Library quality control and sequencing

Before sequencing, libraries were quantified by qPCR using either the NEBNext Library Quant kit (New England Biolabs, E7630S) or the KAPA Library Quantification Kit (scRNA-seq libraries only; Roche, 07960298001). Size distribution of the obtained libraries was assessed using the Agilent 2100 Bioanalyzer. Sequencing depths of the libraries are listed in Supplementary Data 1.

scRNA-seq processing

Raw sequencing data were converted to fastqs using cellranger mkfastq (10x Genomics, v3.1.0). scRNA reads were aligned to the GRCm38 reference genome (mm10) and quantified using cellranger count (10x Genomics, v3.1.0).

scRNA-seq quality control

We removed low-informative cells by filtering cells with less than 1,000 genes or 2,500 UMIs per cell detected. To lower doublet representation, we filtered cells with more than 7,000 genes per cell detected and the top 4% cells (estimated doublet percentage) with the highest number of UMIs. Finally, to remove any potential dead cells, we filtered cells that have more than 10% mitochondrial counts.

scRNA-seq clustering and dimensionality reduction

Seurat (v3.1.5)58 was used to further process the cells passing the quality-control (QC) filters. After log transformation, feature selection using variance stabilizing transformation (top 2,000 most highly variable genes) and linear transformation, principal-component analysis was performed using the first 20 dimensions. After dimensionality reduction, Harmony59 was used to correct the batch effect between the two biological replicates. Next, we applied Louvain clustering (resolution = 0.3, n.start = 100, n.iter = 500) and visualized the data using UMAP (min.dist = 0.5, spread = 1, n.epochs = 500). As they represent very few cells, the microglia and mural clusters were further manually identified based on the UMAP projection and the subclustering of the NSC cluster. Cluster identify was determined based on the top 40 differentially expressed genes (MAST60, minimum log fold change of 0.25 and expressed in at least 25% of the cells in the cluster)

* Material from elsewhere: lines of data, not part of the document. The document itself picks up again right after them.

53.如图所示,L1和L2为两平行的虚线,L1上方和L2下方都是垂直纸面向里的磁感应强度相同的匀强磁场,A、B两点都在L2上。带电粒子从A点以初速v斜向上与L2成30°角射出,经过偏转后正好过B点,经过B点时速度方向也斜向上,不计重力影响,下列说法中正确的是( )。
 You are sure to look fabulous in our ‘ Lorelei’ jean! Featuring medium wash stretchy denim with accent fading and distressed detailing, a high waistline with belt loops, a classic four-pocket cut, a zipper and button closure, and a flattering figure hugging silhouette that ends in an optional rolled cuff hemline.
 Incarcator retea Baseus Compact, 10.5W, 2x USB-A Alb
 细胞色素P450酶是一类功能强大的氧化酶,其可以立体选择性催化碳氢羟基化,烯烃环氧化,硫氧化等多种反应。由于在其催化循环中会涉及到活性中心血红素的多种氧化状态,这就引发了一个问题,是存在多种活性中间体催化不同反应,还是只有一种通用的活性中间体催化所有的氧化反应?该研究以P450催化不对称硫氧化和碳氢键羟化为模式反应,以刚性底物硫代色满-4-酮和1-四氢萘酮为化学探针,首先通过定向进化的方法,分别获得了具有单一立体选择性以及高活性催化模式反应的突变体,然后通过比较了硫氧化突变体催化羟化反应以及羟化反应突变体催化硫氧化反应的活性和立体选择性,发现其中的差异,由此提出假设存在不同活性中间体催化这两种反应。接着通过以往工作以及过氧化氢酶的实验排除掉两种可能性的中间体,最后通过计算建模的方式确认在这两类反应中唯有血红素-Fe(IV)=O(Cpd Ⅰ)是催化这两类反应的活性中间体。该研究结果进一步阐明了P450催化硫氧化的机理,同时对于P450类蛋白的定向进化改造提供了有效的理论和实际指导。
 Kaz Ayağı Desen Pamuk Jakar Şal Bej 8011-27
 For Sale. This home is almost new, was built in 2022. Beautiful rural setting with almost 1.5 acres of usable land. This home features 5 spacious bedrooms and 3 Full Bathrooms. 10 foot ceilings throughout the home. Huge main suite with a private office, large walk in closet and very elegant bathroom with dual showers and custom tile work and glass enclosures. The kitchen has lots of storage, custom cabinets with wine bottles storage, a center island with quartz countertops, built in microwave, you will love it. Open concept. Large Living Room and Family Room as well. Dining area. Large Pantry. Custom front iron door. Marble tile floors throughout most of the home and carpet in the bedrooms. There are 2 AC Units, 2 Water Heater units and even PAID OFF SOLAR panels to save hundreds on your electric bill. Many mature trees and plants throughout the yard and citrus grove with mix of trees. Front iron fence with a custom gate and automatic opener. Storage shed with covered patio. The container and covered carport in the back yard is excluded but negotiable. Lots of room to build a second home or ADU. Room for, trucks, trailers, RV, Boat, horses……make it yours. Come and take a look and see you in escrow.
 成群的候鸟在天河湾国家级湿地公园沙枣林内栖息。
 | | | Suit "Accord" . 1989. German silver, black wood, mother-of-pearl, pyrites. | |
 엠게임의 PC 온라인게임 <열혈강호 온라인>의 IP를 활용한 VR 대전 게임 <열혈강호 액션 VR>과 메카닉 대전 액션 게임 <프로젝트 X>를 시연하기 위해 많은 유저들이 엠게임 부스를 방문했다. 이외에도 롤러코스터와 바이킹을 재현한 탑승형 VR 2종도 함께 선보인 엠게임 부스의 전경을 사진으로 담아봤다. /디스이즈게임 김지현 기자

scRNA-seq velocity and pseudotime analysis

The percentage of spliced and unspliced reads was calculated using Velocyto (v0.17)61 and RNA velocity was calculated using scVelo (dynamical model)17. Only cells passing the previously described QC were used and UMAP coordinates were transferred from Seurat. To calculate trajectory and pseudotime, we used Monocle3 (ref. 18), while retaining cluster assignment and UMAP coordinates from Seurat. A trajectory graph was constructed using the following parameters: minimal_branch_len = 20, ncenter = 600, geodesic_distance_ratio = 0.275. Cells belonging to the NSC cluster were assigned as root cells. To calculate the change of gene expression as a function of the pseudotime, we fitted a generalized additive model using cubic regression splines and REML smoothing for each of the top 3,000 most variable genes (expressed in at least 20 cells). The values were then rescaled per gene from 0 to 1.

scATAC–seq processing

Raw sequencing data were converted to fastqs using cellranger-atac mkfastq (10x Genomics, v1.2.0). Reads were aligned to the GRCm38 reference genome (mm10) and quantified using cellranger-atac count (10x Genomics, v1.2.0) using integrated doublet removal.

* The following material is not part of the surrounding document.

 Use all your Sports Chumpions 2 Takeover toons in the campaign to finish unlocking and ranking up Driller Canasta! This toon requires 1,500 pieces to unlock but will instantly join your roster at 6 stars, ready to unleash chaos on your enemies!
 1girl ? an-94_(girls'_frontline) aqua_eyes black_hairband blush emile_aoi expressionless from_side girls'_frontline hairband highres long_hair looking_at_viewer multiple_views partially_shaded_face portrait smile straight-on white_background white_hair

scATAC–seq quality control

We calculated the QC statistics separately for each replicate and filtered the combined 10× object (merged using cellranger --atac --aggr with no normalization). To ensure sufficient sequencing depth and high signal-to-noise ratio, we filtered cells with less than 10,000 unique fragments per cell and a TSS enrichment ratio of less than 8 or more than 25 (Extended Data Fig. 7f). To account for any remaining doublets after the automatic cellranger-atac filtering, we additionally removed cells with more than 120,000 unique fragments per cell. TSS enrichment was calculated as described previously28. In brief, Tn5 insertions located within ±2,000 bp relative from each TSS (strand corrected) were aggregated per TSS, normalized to the mean accessibility ±1,900–2,000 bp from the TSS and smoothed every 51 bp. The maximum smoothed value was reported as TSS enrichment. Fragment size distribution for cells passing the QC filters was calculated using ArchR62 and plotted with ggplot2.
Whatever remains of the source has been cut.